![vision](https://github.com/ollama/ollama/assets/251292/cb513ae7-a9c2-4a2b-891b-fd79bf997f86)
New vision models
The [LLaVA](https://ollama.ai/library/llava) model family on Ollama has been updated to [version 1.6](https://llava-vl.github.io/blog/2024-01-30-llava-1-6/), and now includes a new `34b` version:
- `ollama run llava` A new 7B LLaVA model based on mistral.
- `ollama run llava:13b` 13B LLaVA model
- `ollama run llava:34b` 34B LLaVA model – one of the most powerful open-source vision models available
These new models share new improvements:
- **More permissive licenses:** LLaVA 1.6 models are distributed via the Apache 2.0 license or the LLaMA 2 Community License.
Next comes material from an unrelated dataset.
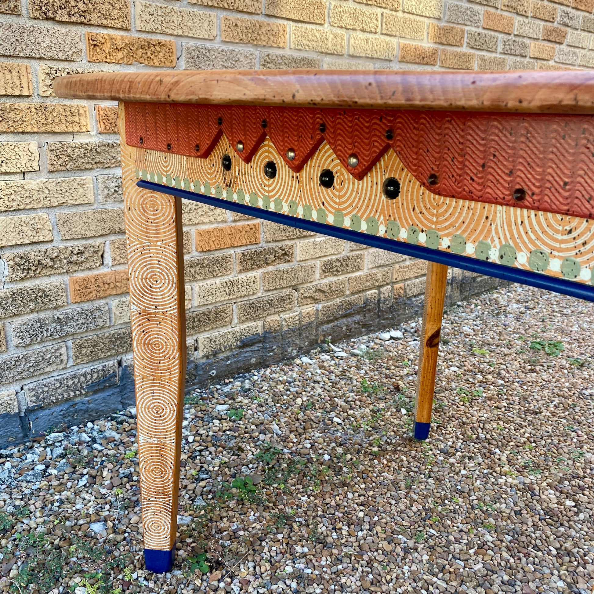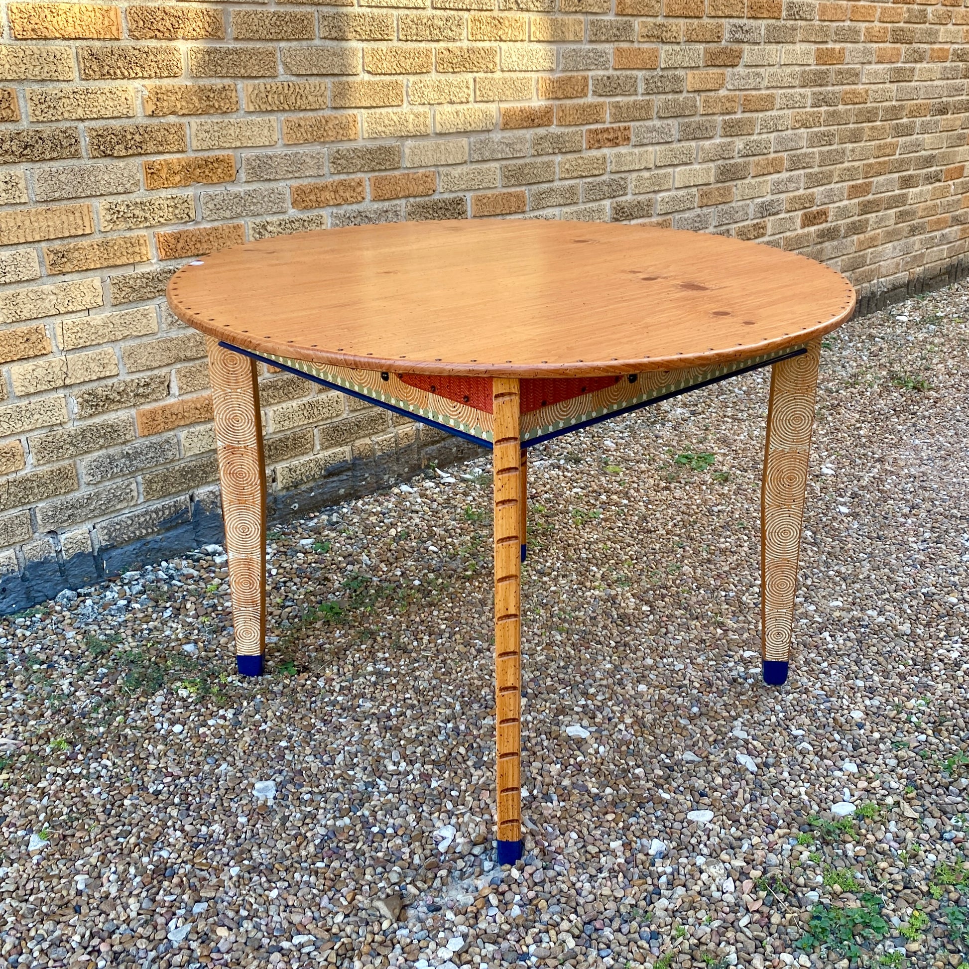 Each piece of David Marsh furniture is handcrafted at the studio of local artist David Marsh here in Houston, TX. All David Marsh furniture is crafted from yellow pine and has a very sturdy polyurethane finish making the furniture great for everyday use. This table is small and light weight so it can be easily moved around to suit your needs. 42” Round x 30” Tall.

- **Higher image resolution:** support for up to 4x more pixels, allowing the model to grasp more details.
- **Improved text recognition and reasoning capabilities:** these models are trained on additional document, chart and diagram data sets.
`keep_alive` parameter: control how long models stay loaded
When making API requests, the new `keep_alive` parameter can be used to control how long a model stays loaded in memory:
shell
curl http://localhost:11434/api/generate -d '{
"model": "mistral",
"prompt": "Why is the sky blue?",
"keep_alive": "30s"
}'
* If set to a positive duration (e.g. `20m`, `1hr` or `30`), the model will stay loaded for the provided duration
* If set to a negative duration (e.g. `-1`), the model will stay loaded indefinitely
* If set to `0`, the model will be unloaded immediately once finished
* If not set, the model will stay loaded for 5 minutes by default
Support for more Nvidia GPUs
* GeForce GTX `TITAN X` `980 Ti` `980` `970` `960` `950` `750 Ti` `750`
* GeForce GTX `980M` `970M` `965M` `960M` `950M` `860M` `850M`
* GeForce `940M` `930M` `910M` `840M` `830M`
* Quadro `M6000` `M5500M` `M5000` `M2200` `M1200` `M620` `M520`
* Tesla `M60` `M40`
* NVS `810`
What's Changed
* New `keep_alive` API parameter to control how long models stay loaded
* Image paths can now be provided to `ollama run` when running multimodal models
* Fixed issue where downloading models via `ollama pull` would slow down to 99%
* Fixed error when running Ollama with Nvidia GPUs and CPUs without AVX instructions
* Support for additional Nvidia GPUs (compute capability 5)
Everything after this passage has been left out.